It's not hard to suspect deep ambivalence among The Coca-Cola Company's (NYSE:KO) management about the company's flagship product. When speaking to investors and Wall Street analysts, executives often treat the Coke brand as a mystical, sacred corporate asset. And on one hand, they should, as it's one of the world's most iconic and valuable brands.
On the other hand, multiple recent brand acquisitions in the "still," or non-carbonated category, indicate a more pragmatic corporate strategy. Soda volumes seem to have fallen into an inexorable decline, and a bottle of Coca-Cola is increasingly a drink of occasion rather than of habit. Earlier this year, Beverage Digest reported that soda consumption in the U.S. fell for the 11th straight year in 2015 -- to a 30-year low.
And in the company's most recently reported quarter, it cited either brand Coca-Cola or trademark Coca-Cola (i.e., Coca-Cola plus related brands like Coke Zero and Diet Coke) as a volume drag on the company's "sparkling," or carbonated beverage portfolio, in every geographic region except Asia-Pacific.
A potential wave of cities adopting soda taxes won't help Coca-Cola and its peers accelerate sparkling volumes, either. To much publicity and fanfare, Philadelphia's city council voted on June 16 to pass a 1.5 cents-per-ounce sales tax on regular and diet sodas.
Supported by health activists, who have long argued that overconsumption of soft drinks can lead to obesity, diabetes, and other ailments, the measure passed on the strength of its appeal as a means to fund the expansion of prekindergarten programs. This novel selling point will undoubtedly be noticed by and appeal to other cash-strapped metropolitan governments.
Philadelphia joins Berkeley, California, in the vanguard of cities green-lighting a surcharge on sweetened carbonated beverages. Next up? San Francisco, which is not only placing a soda tax on a November ballot, but seeking to introduce labeling warning of deleterious health effects of soft-drink consumption. Residents of Boulder, Colorado, may also see the question of a soft-drink tax added to a November voting slate.
Margins, marketing, and Muhtar Kent's observation
It certainly seems that long-term consumption declines, coupled with health concern-propelled taxes, will continue to depress industry volumes. Yet if a groundswell of punitive taxing becomes reality, I believe it will benefit Coca-Cola over the long run.

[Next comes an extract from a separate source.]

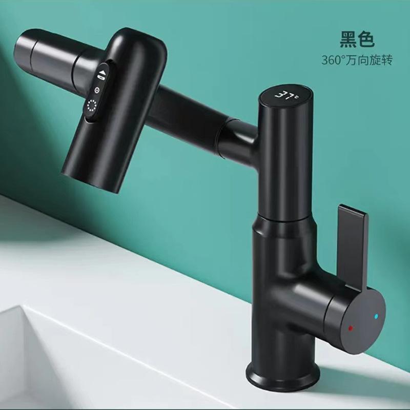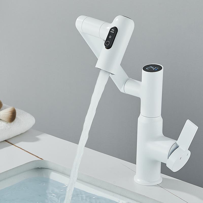 Цифровой дисплей, светодиодный смеситель для раковины, вращение на 360 градусов, многофункциональный распылитель струи, смеситель для мойки горячей и холодной воды, кран для ванной комнаты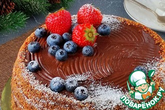 Вылить тесто в подготовленную форму. Выпекать 30-35 мин. Готовность проверять деревянной шпажкой. Если она выходит сухой, бисквит готов.

Such a trend will, in the words of the immortal T.S. Eliot, "force the moment to its crisis," and cure the company of its ambivalence. The soft drink known as brand Coke will surely remain a universal emblem in our culture, but higher taxes will motivate Coca-Cola executives to speed the shift to still beverages in the company's drink portfolio.
Economically, the spread of soda taxes has two implications for Coca-Cola. First, and most obviously, it raises the company's profit hurdle. Again, Philadelphia's 1.5 cent tax is applied per ounce, meaning that the price of a 16 oz. bottle of Coke will increase by $0.24.
Assuming a ballpark price of $1.15 for a 16 oz. Coke, that's an enormous 22% surcharge. Similarly sized cities instituting anything close to the Philadelphia tax will create a meaningful margin drag for Coca-Cola if it absorbs the retail price hike itself. And if the company passes on some or all of the increase to customers, it faces a potential demand drag. Either way, widespread initiatives of this sort will impact the company's operating leverage negatively.
The second implication is that a heavier burden will be placed on the beverage giant's marketing efforts. Coca-Cola has been able to keep global carbonated beverage volumes roughly flat during the last several quarters through increased marketing spends. But higher cash needs for the marketing procurement has proved a significant factor behind the ongoing productivity program introduced in 2014, which at the most recent revision, seeks to achieve $3 billion in annual cost savings by 2019.
While it's impressive that Coke can free up ample resources to at least hold its market position, rising soft-drink prices, negative publicity surrounding tax increases, or both, may make the typical customer less responsive to its marketing campaigns. This could lead to a worrisome scenario for management, in which incremental marketing spends lose efficacy. Spending additional dollars for the same revenue result would create another unwelcome weight on operating leverage.
In the near term, simple math indicates that Coca-Cola's business will remain all too reliant on sparkling beverages, as this group comprised 73% of the company's total global unit case volume last year. Yet, as CEO Muhtar Kent recently observed to analysts, fourteen out of Coca-Cola's twenty "billion dollar brands" are now still, not sparkling, beverages. The company's newest brand investment, a minority position in aloe water beverage label Aloe Gloe, is indicative of management's current mind-set -- and desire to broaden the horizon beyond legacy beverages.
In sum, when market forces are arrayed against your operating margin, it's helpful to take a hint. Coca-Cola understands that it has to take a more realistic approach to the growth of brand Coke. Further soda taxation should only strengthen the organization's resolve to diversify, proving that, often, catalysts that drive change can be positive when they're punitive.